The game was used as an educational tool that teachers could introduce while teaching arithmetic as part of the quadrivium to those in Western Europe who received a classical education during the medieval period. David Sepkoski wrote that between the twelfth and sixteenth centuries, "rithmomachia served as a practical exemplar for teaching the contemplative values of Boethian mathematical philosophy, which emphasized the natural harmony and perfection of number and proportion, that it was used both as a mnemonic drill for the study of Boethian number theory and, more importantly, as a vehicle for moral education, by reminding players of the mathematical harmony of creation."[2] The game declined sharply in popularity in the 17th century, as it was no longer used in education, and potential players were not introduced to it during their schooling.
History
The play he can of Ryghtmadhye
Which dulle wittits dothe encombre
For thys play stant al by noumbre
And hath al his conclusions
Chefly in proporsions
By so sotil ordynaunce
As hyt ys in remembraunce
By thise Philosophurs olde.
John Lydgate, Reson & Sensuallyte
Earliest known English reference
to Rithmomachia, ~1407.[1]
Little is known about the origin of the game. Medieval writers attributed it to Pythagoras, but no trace of it has been discovered in Greek literature. The earliest surviving mentions of it is are from the early 11th century, suggesting it was created in the late 10th or early 11th century. The name and its many variations are from Greek; it is unclear whether this was due to being created by a rare Western European with a classical education that involved learning Greek, or if the game had a genuine origin in Greece and the Greek-speaking Byzantine Empire of the period.

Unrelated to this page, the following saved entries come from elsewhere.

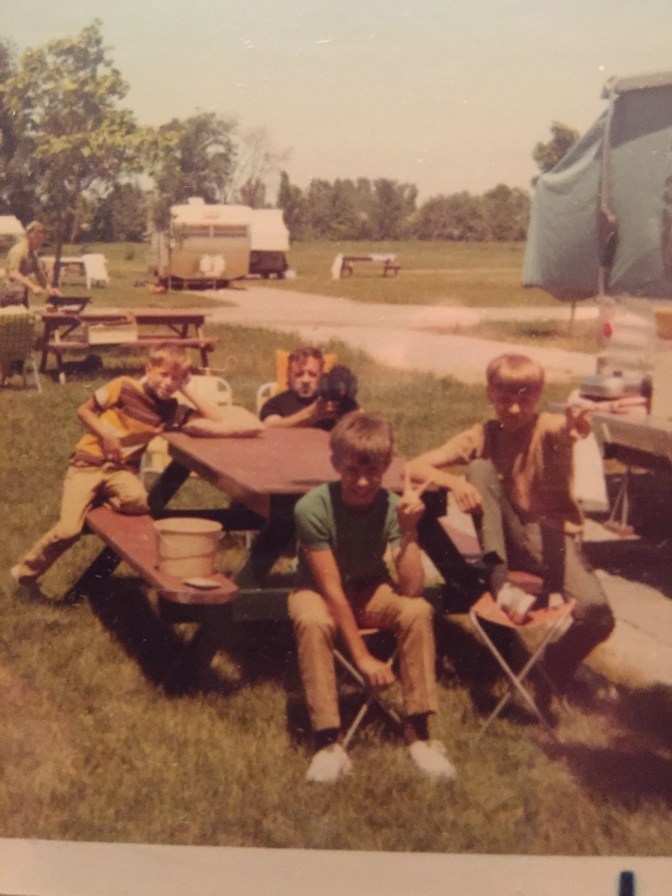And the most important feature of any campground? It had to have a lake or a pool to swim in. Randy and Paul were both strong swimmers. Me, not so much, at least not at first. When we stayed at a little campground on Lake Missaukee in Northern Michigan, my mom would pay me a nickel every time I put my head underwater. I did not get rich. I think I made less than a dollar. Eventually I caught on. The funny thing is, my mom never learned how to swim. She was out there in knee deep water helping me get over my fear, and she couldn’t get over hers.
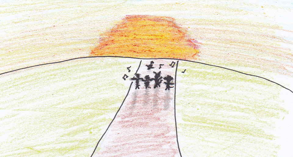 5個人邊跳邊回家。
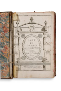PLUMIER Charles (1646-1704)L'art de tourner en perfection Paris, Charles Antoine Jombert, 1749. In-folio (410 x 270 mm), xxvii (dont titre-frontispice et titre)-privilège du roi-244 pp. (erreur de numérotation à partir de la p.156, en fait 242...

The first written evidence of Rithmomachia dates to around 1030, when a monk named Asilo created a game that illustrated the number theory of Boethius' De institutione arithmetica, for the students of monastery schools. De institutione arithmetica was the standard textbook for instruction in arithmetics in the period for those lucky enough to receive a medieval education. The rules of the game were improved and spelled out more shortly thereafter by another monk, Hermannus Contractus (1013–1054) from Reichenau, and in the school of Liège. In the following centuries, Rithmomachia spread through schools and monasteries in the southern parts of Germany and France. It was used mainly as a teaching aid, but gradually intellectuals started to play it for pleasure. In the 13th century Rithmomachia came to England, where famous mathematician Thomas Bradwardine wrote a text about it. Even Roger Bacon recommended Rithmomachia to his students, while Sir Thomas More let the inhabitants described in the book Utopia play it for recreation. The game was known well enough to justify printed treatises in Latin, French, Italian, and German, in the sixteenth century. Two notices advertising a game set for sale have been found, one in Paris (1556) and the other in London (1563). Nevertheless, no archaeological evidence of the game (such as playing boards) has survived from the medieval and early modern periods, in contrast to many other board games.[1]
Rithmomachia was at its most popular in the 16th century. The Tudor polymath, statesman and publisher of the Geneva Bible, Sir Rowland Hill, published on the game under the title The most ancient and learned Playe, called the Philosopher's Game invented for the honest recreation of Students and other sober persons, in passing the tedious of tyme to the release of their labours, and the exercise of their Wittes in 1562;[3] his house at Soulton Hall also contains a board for the game on a basement parlour or prayer room.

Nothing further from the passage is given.